■ EXERCISE INSTRUCTIONS ■
If an entry includes an image, drop the image and copy the rest verbatim.

■ TASK INPUT ■
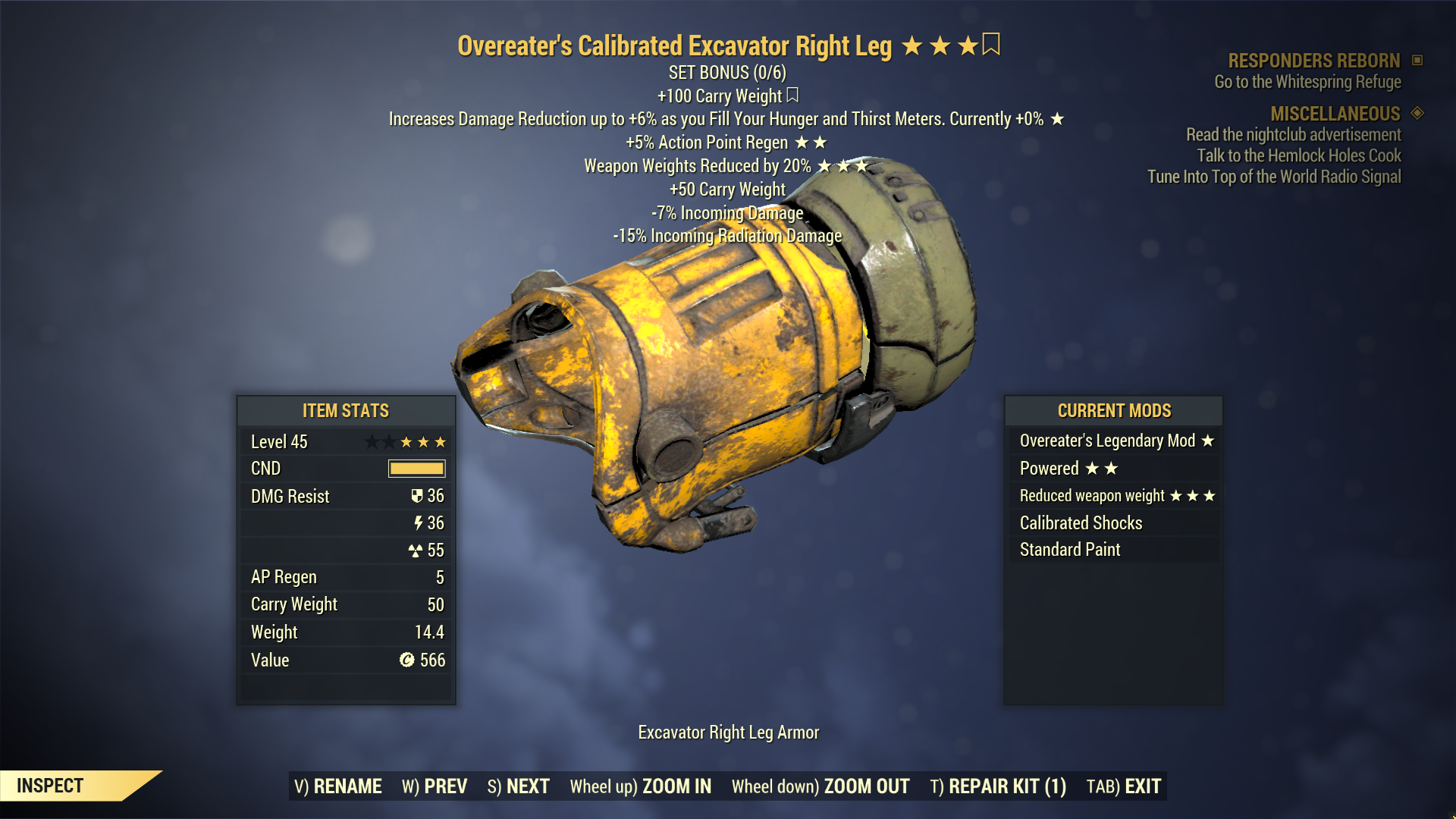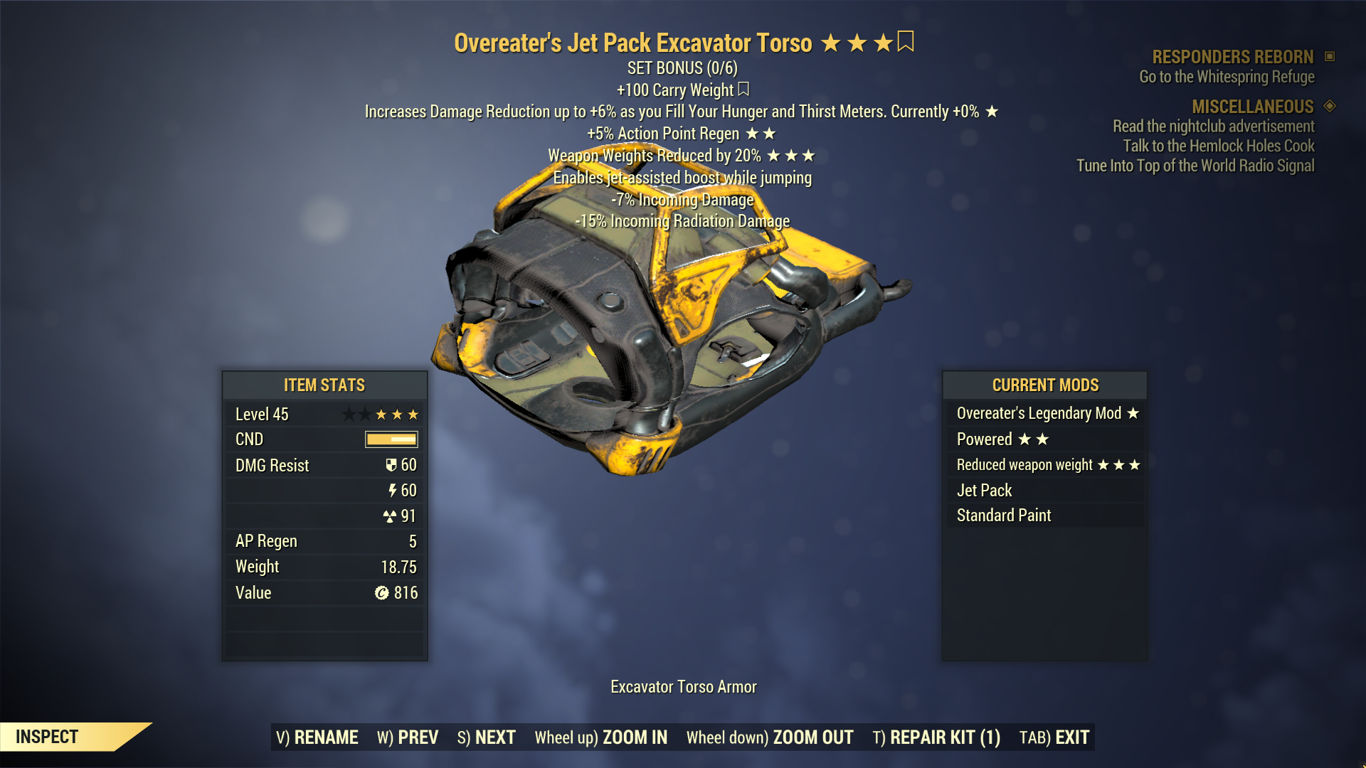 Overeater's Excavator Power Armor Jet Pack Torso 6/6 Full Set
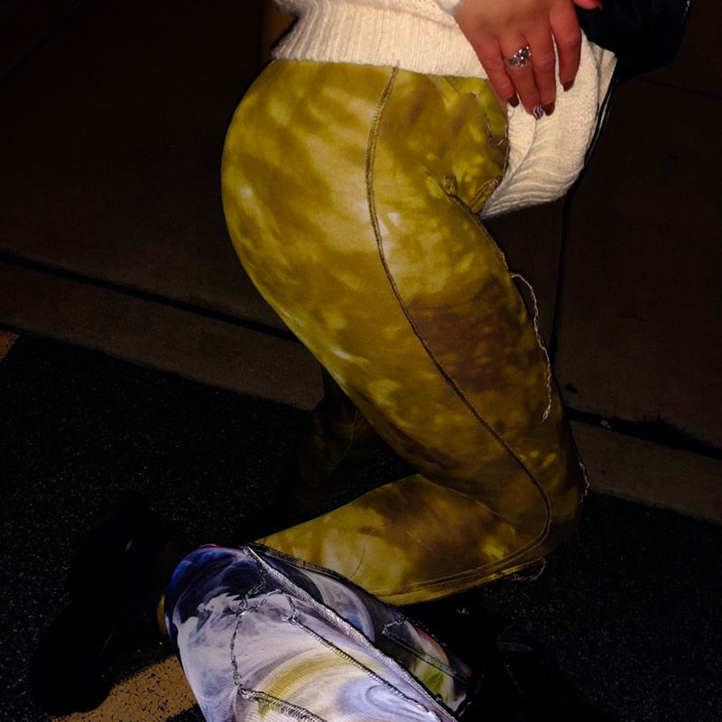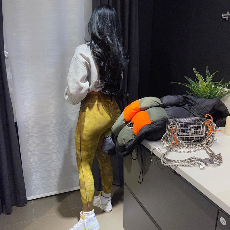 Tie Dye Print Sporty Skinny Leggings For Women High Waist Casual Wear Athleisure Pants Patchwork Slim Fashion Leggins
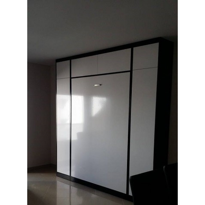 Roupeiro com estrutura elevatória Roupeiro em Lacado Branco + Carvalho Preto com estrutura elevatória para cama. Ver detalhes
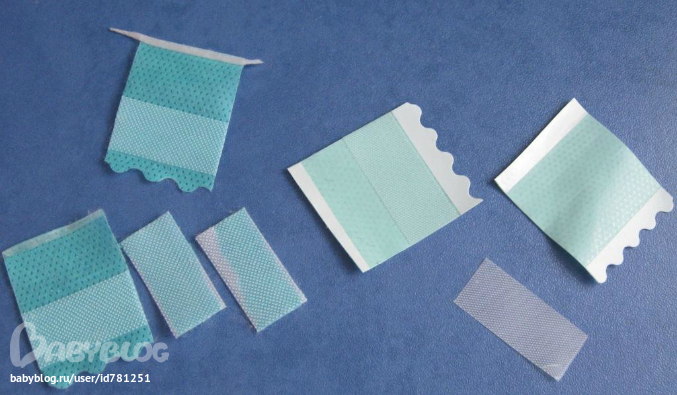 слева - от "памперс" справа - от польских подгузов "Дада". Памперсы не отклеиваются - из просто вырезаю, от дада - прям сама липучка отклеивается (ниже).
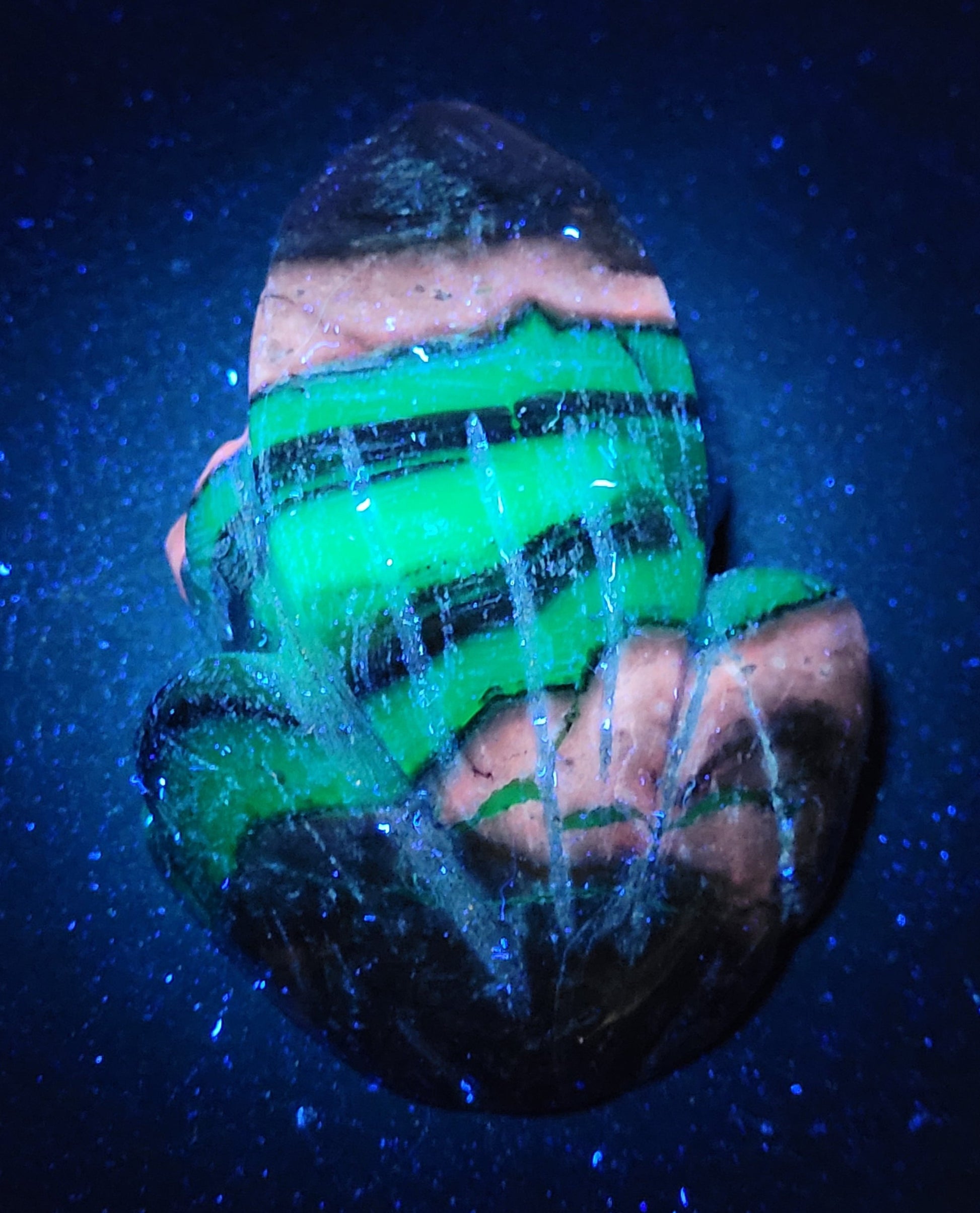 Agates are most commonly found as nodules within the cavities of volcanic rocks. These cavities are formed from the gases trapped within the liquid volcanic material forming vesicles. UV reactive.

■ REPLY TO THE EXERCISE ■
 Overeater's Excavator Power Armor Jet Pack Torso 6/6 Full Set
 Tie Dye Print Sporty Skinny Leggings For Women High Waist Casual Wear Athleisure Pants Patchwork Slim Fashion Leggins
 Roupeiro com estrutura elevatória Roupeiro em Lacado Branco + Carvalho Preto com estrutura elevatória para cama. Ver detalhes
 слева - от "памперс" справа - от польских подгузов "Дада". Памперсы не отклеиваются - из просто вырезаю, от дада - прям сама липучка отклеивается (ниже).
 Agates are most commonly found as nodules within the cavities of volcanic rocks. These cavities are formed from the gases trapped within the liquid volcanic material forming vesicles. UV reactive.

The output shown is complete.